**INFORMATION PROVIDED**
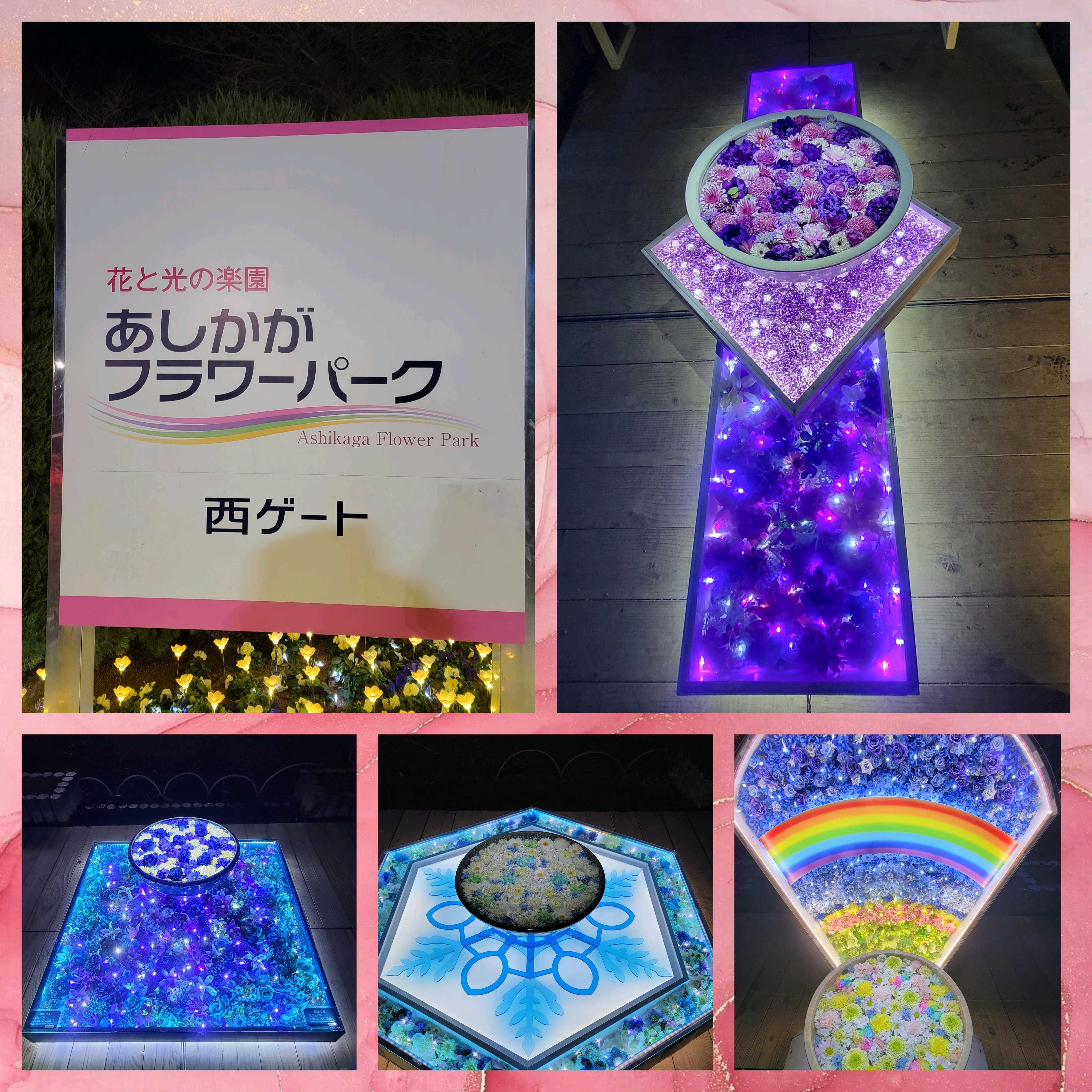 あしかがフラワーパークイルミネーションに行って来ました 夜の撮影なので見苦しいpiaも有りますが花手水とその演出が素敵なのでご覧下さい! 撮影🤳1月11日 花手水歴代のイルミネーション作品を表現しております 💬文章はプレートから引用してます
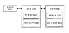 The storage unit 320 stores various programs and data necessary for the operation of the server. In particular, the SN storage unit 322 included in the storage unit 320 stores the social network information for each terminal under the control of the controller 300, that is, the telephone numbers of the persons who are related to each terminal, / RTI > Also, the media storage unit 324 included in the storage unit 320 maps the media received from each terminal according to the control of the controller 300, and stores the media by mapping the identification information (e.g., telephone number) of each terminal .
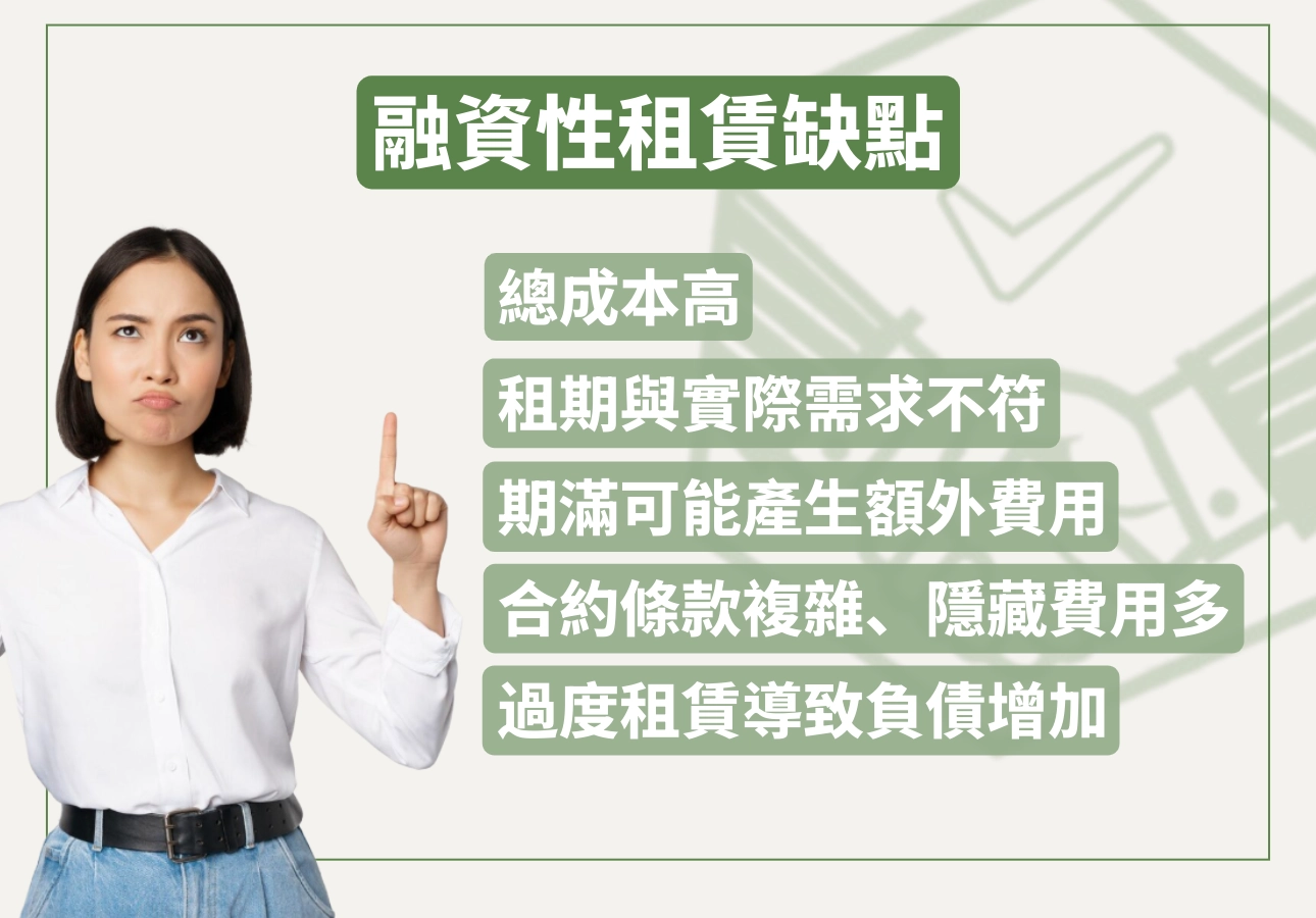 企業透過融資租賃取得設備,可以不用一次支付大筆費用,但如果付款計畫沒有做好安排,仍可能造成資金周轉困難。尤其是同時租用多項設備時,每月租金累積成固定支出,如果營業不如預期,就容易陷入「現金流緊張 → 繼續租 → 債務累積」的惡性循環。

**TASK INSTRUCTIONS**
To complete the exercise, return the listing above exactly and omit its pictures.

**REPLY**
 あしかがフラワーパークイルミネーションに行って来ました 夜の撮影なので見苦しいpiaも有りますが花手水とその演出が素敵なのでご覧下さい! 撮影🤳1月11日 花手水歴代のイルミネーション作品を表現しております 💬文章はプレートから引用してます
 The storage unit 320 stores various programs and data necessary for the operation of the server. In particular, the SN storage unit 322 included in the storage unit 320 stores the social network information for each terminal under the control of the controller 300, that is, the telephone numbers of the persons who are related to each terminal, / RTI > Also, the media storage unit 324 included in the storage unit 320 maps the media received from each terminal according to the control of the controller 300, and stores the media by mapping the identification information (e.g., telephone number) of each terminal .
 企業透過融資租賃取得設備,可以不用一次支付大筆費用,但如果付款計畫沒有做好安排,仍可能造成資金周轉困難。尤其是同時租用多項設備時,每月租金累積成固定支出,如果營業不如預期,就容易陷入「現金流緊張 → 繼續租 → 債務累積」的惡性循環。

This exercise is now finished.